Recently I went charity-shop-shopping, my favourite kind of shopping. The Boy minded our girls outside and I was free to meander around, hunting for a bargain. And I found one: a dark aqua blue dress sporting deep green flecks. With its long sleeves and A-line cut it channelled every bit of the Seventies that I love. I held it up to the window with a grin to signal to The Boy that I’d found something and went to try it on.
After removing the many layers that the day’s nippy weather required, the dress went over my head to be pulled down past my waist and, oh- it wouldn’t go any further. Checking the label I saw that, yes indeed, it was my usual size but clearly my body hadn’t quite snapped back to where it had been a year previous.
So there I stood, staring at the mirror refusing to get upset. Instead I listed the reasons why it wasn’t the item for me. The dress was probably a bit short anyway, certainly not suitable for a clergy wife. The long sleeves would barely last an hour without being covered in toddler mess. And why was I looking at dresses when I knew I was still breastfeeding? When would I even wear it?!
I took it off, piled on the layers, straighten my hair, placed the dress firmly back on the rail and went out to join my family. And I thought, ‘it doesn’t matter, it’s just a dress.’
Except it does matter.
Picking up that dress made me feel like me. The me I often struggle to find in the nappy changing, laundry and tantrums.

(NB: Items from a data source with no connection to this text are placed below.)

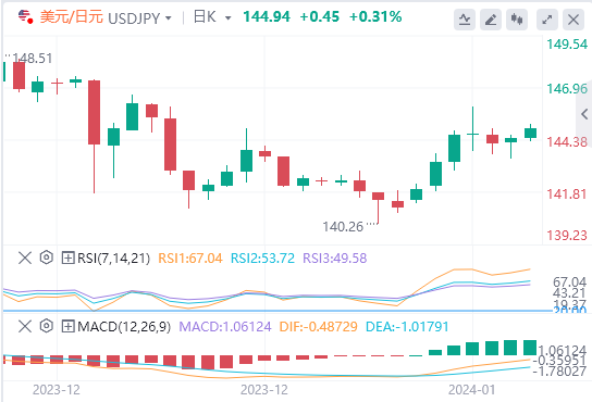继周二波澜不惊的走势之后,美元/日元在周三积聚了看涨势头,并攀升至145.00以上。日本当天早些时候公布的数据显示,日本11月份劳动现金收入环比仅增长0.2%。这一数据低于10月份的1.5%,也大大低于市场预期的1.5%。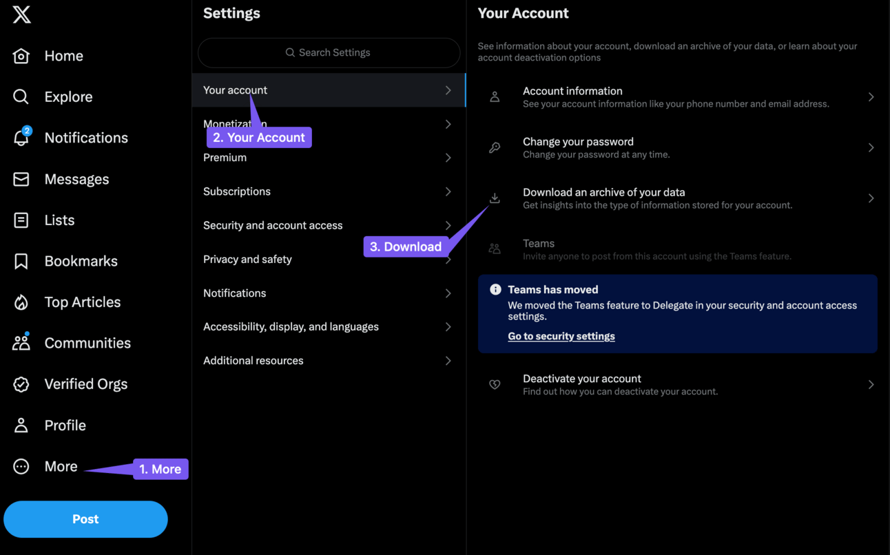 On the desktop version of X go to More > Settings > Your Account > Download an Archive of your Data
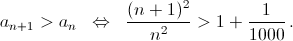 Следовательно, наше неравенство выполняется тогда и только тогда, когда n ≤ 2000. Это значит, что последовательность до 2001-го члена возрастает, а затем убывает.

Recently I have read too many blog posts telling me to ‘treasure this time.’ I’ve had too many people tell me to enjoy the girls before they grow up. What they don’t seem to realise is- I know!

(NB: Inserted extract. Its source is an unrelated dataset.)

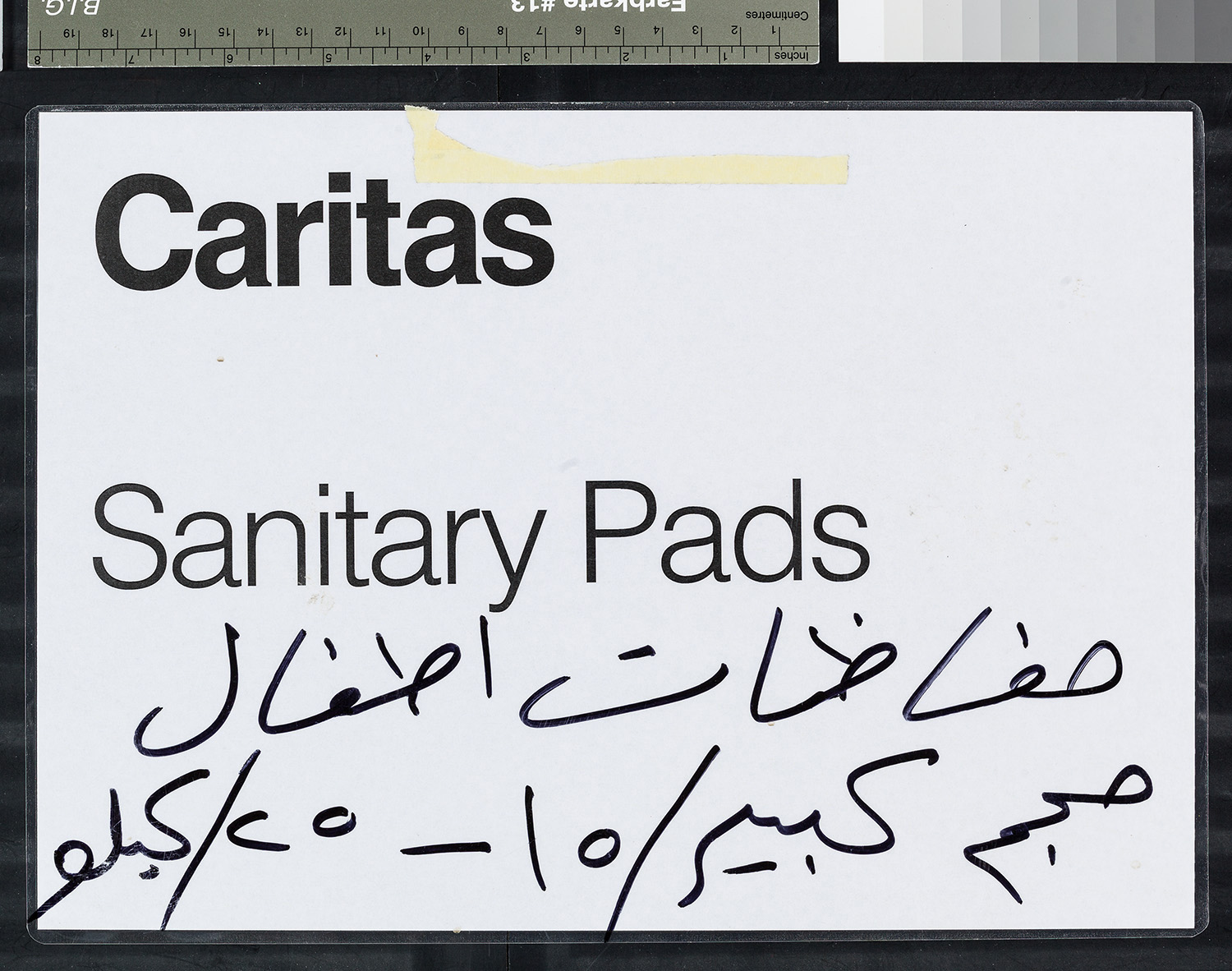Caritas Logo, „Sanitary Pads“ darunter handschriftlich in Arabisch/Farsi

I know that before too long they will be all grown up and not needing me. I know that they don’t have that baby smell forever. I know they soon won’t want me to kiss their ouches. I don’t need anyone to remind me.
I know. But.
But it’s only natural that I want to retain my own identity, to wear that dress, to pursue that interest.
Mothers have been given a losing hand.
We must soak up every little kiddy moment before it’s all over. But we must keep our own identity, and not, god-forbid, become Mumsie! How can we win? We can’t.
What then are my words of wisdom?
Yes, this stage is only for a short while. Let’s not wish it away all for the sake of a dress. There will be plenty of time to wear dresses. But it’s okay for you, when they are all in bed, to find that favourite dress from the back of your wardrobe, put on some lipstick and try it on. It’s okay to remember who you are beyond Mummy.
I don’t have to choose, I can be both Mummy and Katie.